Hello Kafka Dev,
We need help on lagging issue we are seeing on one of the environment which
doesn’t have much load. We are running kafka on multiple environement, and on
one of our environemnt we do see events are taking huge time (some time more
then a day) to get process from kafka. The topic have two partition, 3
replicase and two consumers are running on it (So one to one mapping between
partition and consumer). When i run kafka-consumer-group.sh to find the stats,
i can see lag on one of the consumer and then lag move to another consumer
after some time, and they keep switching with time and increase time to process
events. So look to me rebalancing is happening but at the same time consumer-id
is same so consumer not getting started in between. We also tried to restart
and kafka and zookeeper but end result is same, here is the detail.
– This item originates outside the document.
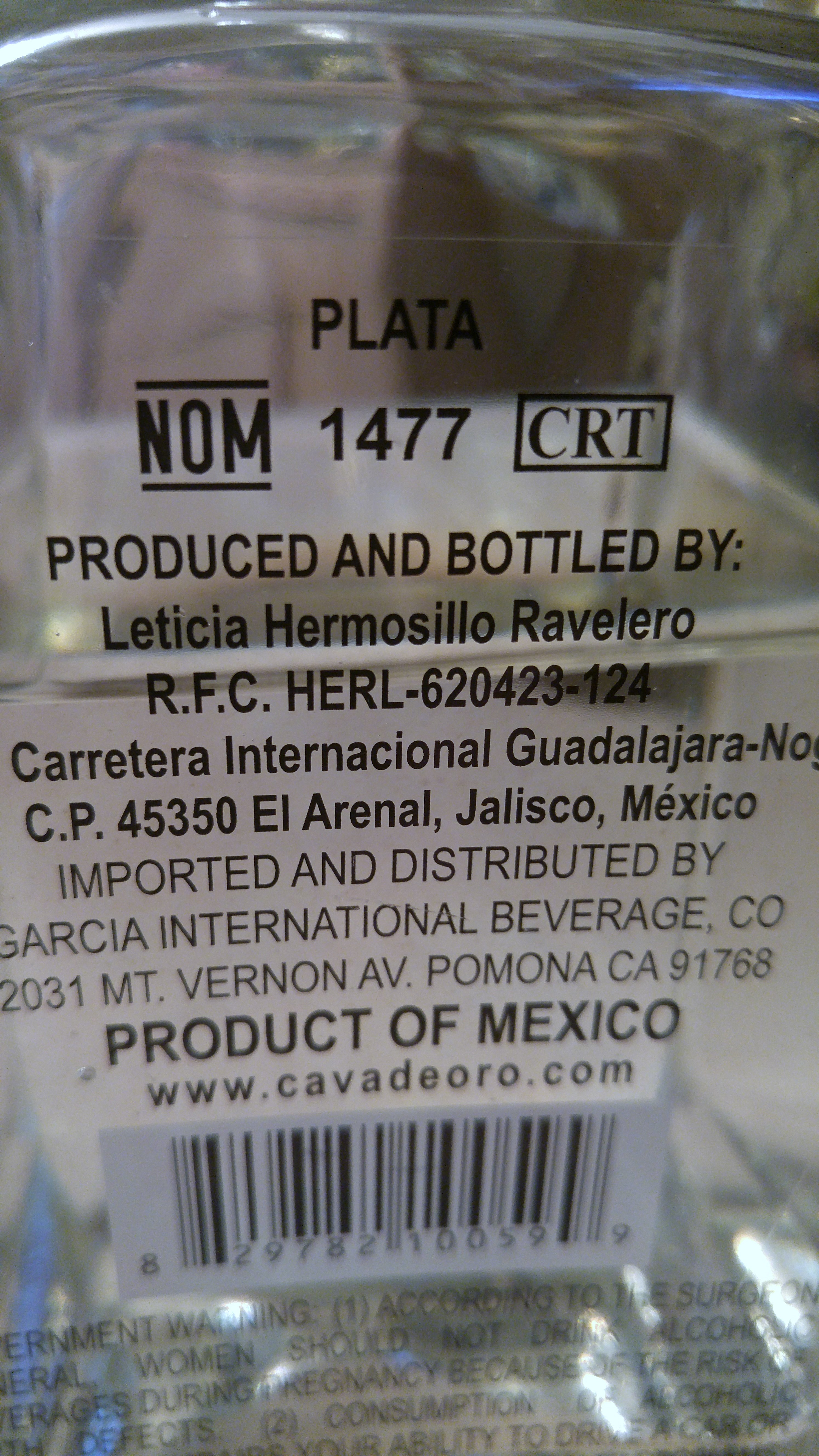Produced and bottled at Leticia Hermosillo Ravelero- in El Arenal, in the El Valle (lowlands) of Jalisco- Nom 1477. The distillery name is listed as being called Compania Tequilera Puerta de Hierro, although it doesn't say so on my bottle. They must have changed some things recently with the bottle and tequila naming. I see confusing information out there with bottles, some saying Gran in the name, and others not, and some saying blanco, while others say plata. It doesn't matter much to me, all I'm saying is if you see this bottle or another that you feel is a newer or older bottle of this same juice, you may want to run in the other direction, or spend your money on other, better tasting blancos available. Gildardo Partida Melendrez is brand owner and comes from a family of three generations of tequila producers. They mix mature Los Altos (highland) and El Valle (lowland) agaves, looking for the sweetest plants. They are 'inspected and hand-picked' by experienced agave specialists.

[2018-10-12 03:52:21,676] WARN Removing server circle2-kafka2:909 from
bootstrap.servers as DNS resolution failed for circle2-kafka2
(org.apache.kafka.clients.ClientUtils)
group-es
group-rds
[vikas@circle1-kafka1 kafka]$ ./bin/kafka-consumer-groups.sh --bootstrap-server
circle1-kafka1:9092,circle2-kafka2:9092, circle1-kafka3 -describe -group
group-rds
Note: This will not show information about old Zookeeper-based consumers.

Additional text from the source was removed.